» **Your task**: Each line of the listing, apart from the pictures, is to be printed exactly.

» **Source material**:
[Start of section]
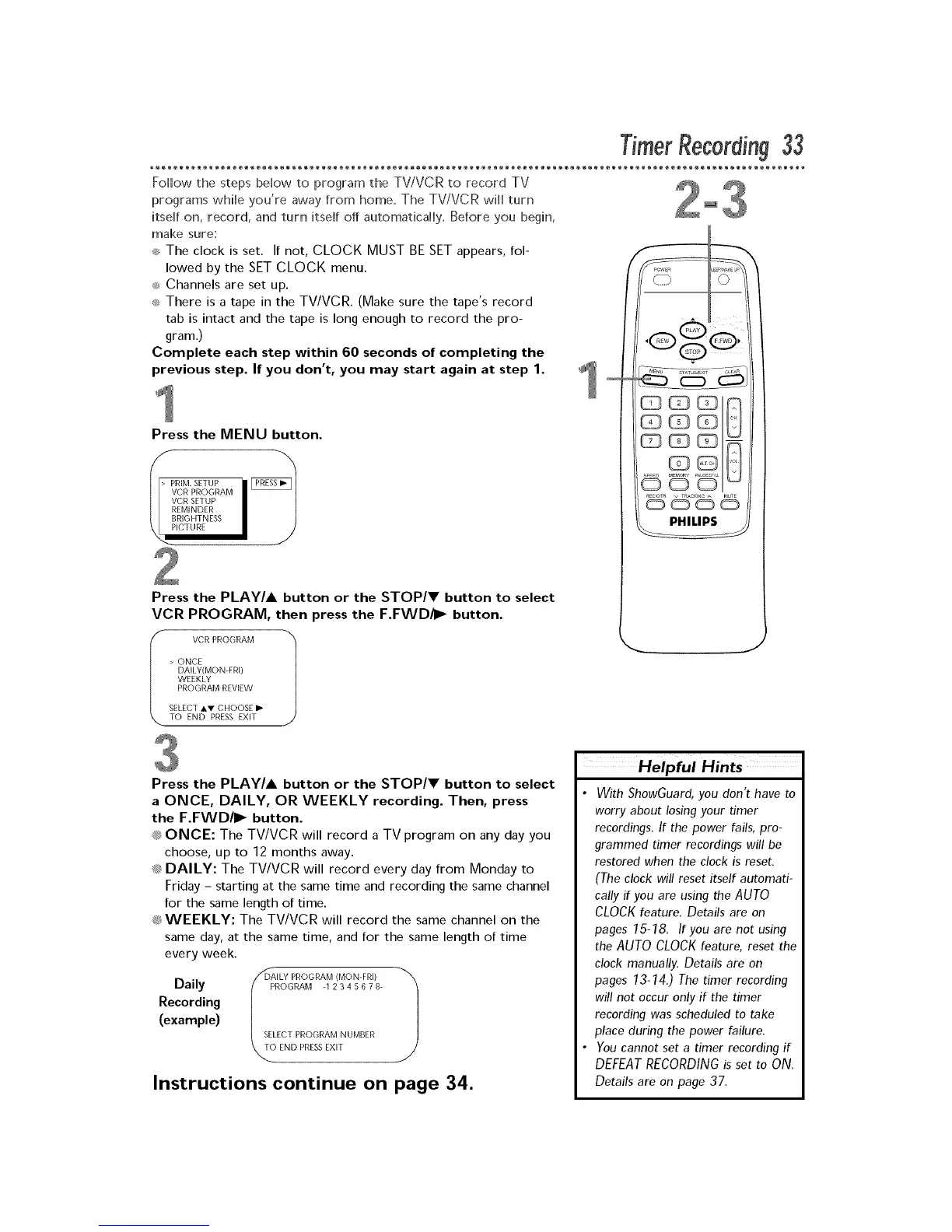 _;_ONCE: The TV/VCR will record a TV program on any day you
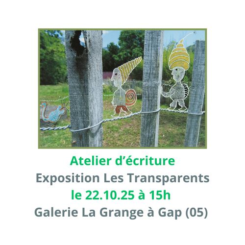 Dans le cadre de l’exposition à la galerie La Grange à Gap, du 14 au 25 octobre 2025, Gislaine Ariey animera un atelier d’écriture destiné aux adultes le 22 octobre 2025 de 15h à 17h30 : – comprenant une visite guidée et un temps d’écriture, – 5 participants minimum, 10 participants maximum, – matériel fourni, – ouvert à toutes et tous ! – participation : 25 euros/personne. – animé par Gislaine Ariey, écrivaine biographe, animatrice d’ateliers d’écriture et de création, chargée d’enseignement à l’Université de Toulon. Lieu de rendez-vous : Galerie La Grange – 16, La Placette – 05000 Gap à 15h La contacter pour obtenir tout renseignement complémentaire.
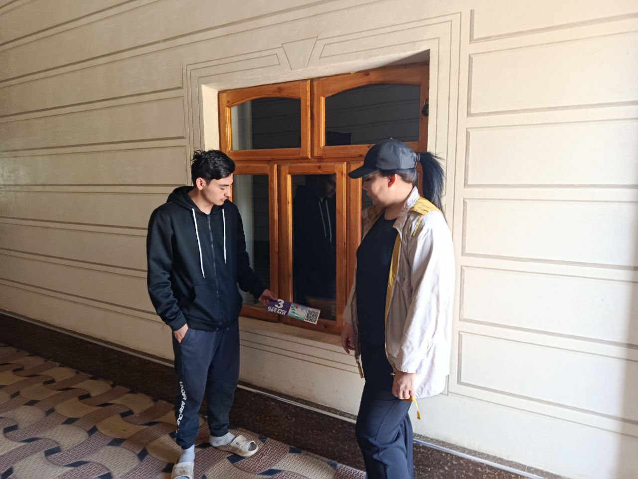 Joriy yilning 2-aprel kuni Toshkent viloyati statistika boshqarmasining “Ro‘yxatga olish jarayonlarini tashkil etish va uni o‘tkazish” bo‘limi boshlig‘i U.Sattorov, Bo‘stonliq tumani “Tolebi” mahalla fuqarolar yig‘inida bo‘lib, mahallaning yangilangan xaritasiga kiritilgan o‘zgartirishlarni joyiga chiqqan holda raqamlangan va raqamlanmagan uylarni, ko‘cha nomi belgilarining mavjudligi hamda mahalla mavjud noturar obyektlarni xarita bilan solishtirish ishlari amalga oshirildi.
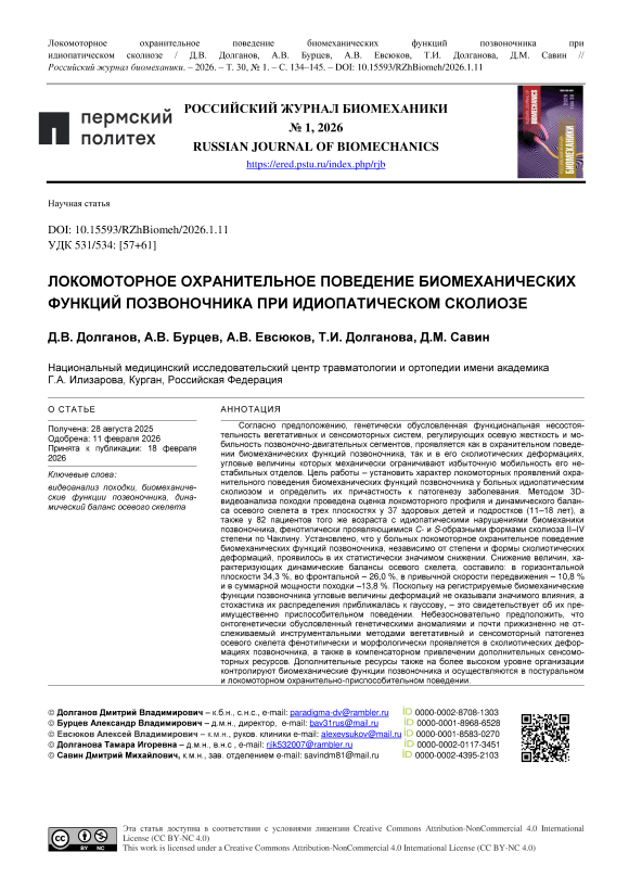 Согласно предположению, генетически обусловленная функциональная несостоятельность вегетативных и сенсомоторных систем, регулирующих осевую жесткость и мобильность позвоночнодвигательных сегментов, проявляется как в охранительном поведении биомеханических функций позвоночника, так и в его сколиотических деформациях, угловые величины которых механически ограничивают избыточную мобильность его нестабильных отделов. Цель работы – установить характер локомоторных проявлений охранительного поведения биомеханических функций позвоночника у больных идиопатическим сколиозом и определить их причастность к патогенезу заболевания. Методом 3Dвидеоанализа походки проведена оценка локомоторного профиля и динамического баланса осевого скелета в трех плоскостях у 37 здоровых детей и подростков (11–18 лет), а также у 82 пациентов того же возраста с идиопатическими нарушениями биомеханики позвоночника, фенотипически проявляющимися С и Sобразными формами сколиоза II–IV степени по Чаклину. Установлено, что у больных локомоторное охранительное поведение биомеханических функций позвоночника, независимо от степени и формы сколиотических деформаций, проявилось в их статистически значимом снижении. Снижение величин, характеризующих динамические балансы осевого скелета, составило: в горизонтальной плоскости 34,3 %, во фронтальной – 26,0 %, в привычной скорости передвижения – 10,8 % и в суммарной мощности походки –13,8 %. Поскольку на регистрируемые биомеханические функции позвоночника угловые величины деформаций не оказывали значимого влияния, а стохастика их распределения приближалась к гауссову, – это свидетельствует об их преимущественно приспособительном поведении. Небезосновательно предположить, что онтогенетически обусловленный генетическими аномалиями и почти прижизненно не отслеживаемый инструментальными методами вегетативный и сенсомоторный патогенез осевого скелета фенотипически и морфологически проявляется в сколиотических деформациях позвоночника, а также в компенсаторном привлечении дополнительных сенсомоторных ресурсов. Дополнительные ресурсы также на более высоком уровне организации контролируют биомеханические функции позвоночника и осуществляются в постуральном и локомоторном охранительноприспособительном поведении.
[End of section]
» **Task answer**:
 _;_ONCE: The TV/VCR will record a TV program on any day you
 Dans le cadre de l’exposition à la galerie La Grange à Gap, du 14 au 25 octobre 2025, Gislaine Ariey animera un atelier d’écriture destiné aux adultes le 22 octobre 2025 de 15h à 17h30 : – comprenant une visite guidée et un temps d’écriture, – 5 participants minimum, 10 participants maximum, – matériel fourni, – ouvert à toutes et tous ! – participation : 25 euros/personne. – animé par Gislaine Ariey, écrivaine biographe, animatrice d’ateliers d’écriture et de création, chargée d’enseignement à l’Université de Toulon. Lieu de rendez-vous : Galerie La Grange – 16, La Placette – 05000 Gap à 15h La contacter pour obtenir tout renseignement complémentaire.
 Joriy yilning 2-aprel kuni Toshkent viloyati statistika boshqarmasining “Ro‘yxatga olish jarayonlarini tashkil etish va uni o‘tkazish” bo‘limi boshlig‘i U.Sattorov, Bo‘stonliq tumani “Tolebi” mahalla fuqarolar yig‘inida bo‘lib, mahallaning yangilangan xaritasiga kiritilgan o‘zgartirishlarni joyiga chiqqan holda raqamlangan va raqamlanmagan uylarni, ko‘cha nomi belgilarining mavjudligi hamda mahalla mavjud noturar obyektlarni xarita bilan solishtirish ishlari amalga oshirildi.
 Согласно предположению, генетически обусловленная функциональная несостоятельность вегетативных и сенсомоторных систем, регулирующих осевую жесткость и мобильность позвоночнодвигательных сегментов, проявляется как в охранительном поведении биомеханических функций позвоночника, так и в его сколиотических деформациях, угловые величины которых механически ограничивают избыточную мобильность его нестабильных отделов. Цель работы – установить характер локомоторных проявлений охранительного поведения биомеханических функций позвоночника у больных идиопатическим сколиозом и определить их причастность к патогенезу заболевания. Методом 3Dвидеоанализа походки проведена оценка локомоторного профиля и динамического баланса осевого скелета в трех плоскостях у 37 здоровых детей и подростков (11–18 лет), а также у 82 пациентов того же возраста с идиопатическими нарушениями биомеханики позвоночника, фенотипически проявляющимися С и Sобразными формами сколиоза II–IV степени по Чаклину. Установлено, что у больных локомоторное охранительное поведение биомеханических функций позвоночника, независимо от степени и формы сколиотических деформаций, проявилось в их статистически значимом снижении. Снижение величин, характеризующих динамические балансы осевого скелета, составило: в горизонтальной плоскости 34,3 %, во фронтальной – 26,0 %, в привычной скорости передвижения – 10,8 % и в суммарной мощности походки –13,8 %. Поскольку на регистрируемые биомеханические функции позвоночника угловые величины деформаций не оказывали значимого влияния, а стохастика их распределения приближалась к гауссову, – это свидетельствует об их преимущественно приспособительном поведении. Небезосновательно предположить, что онтогенетически обусловленный генетическими аномалиями и почти прижизненно не отслеживаемый инструментальными методами вегетативный и сенсомоторный патогенез осевого скелета фенотипически и морфологически проявляется в сколиотических деформациях позвоночника, а также в компенсаторном привлечении дополнительных сенсомоторных ресурсов. Дополнительные ресурсы также на более высоком уровне организации контролируют биомеханические функции позвоночника и осуществляются в постуральном и локомоторном охранительноприспособительном поведении.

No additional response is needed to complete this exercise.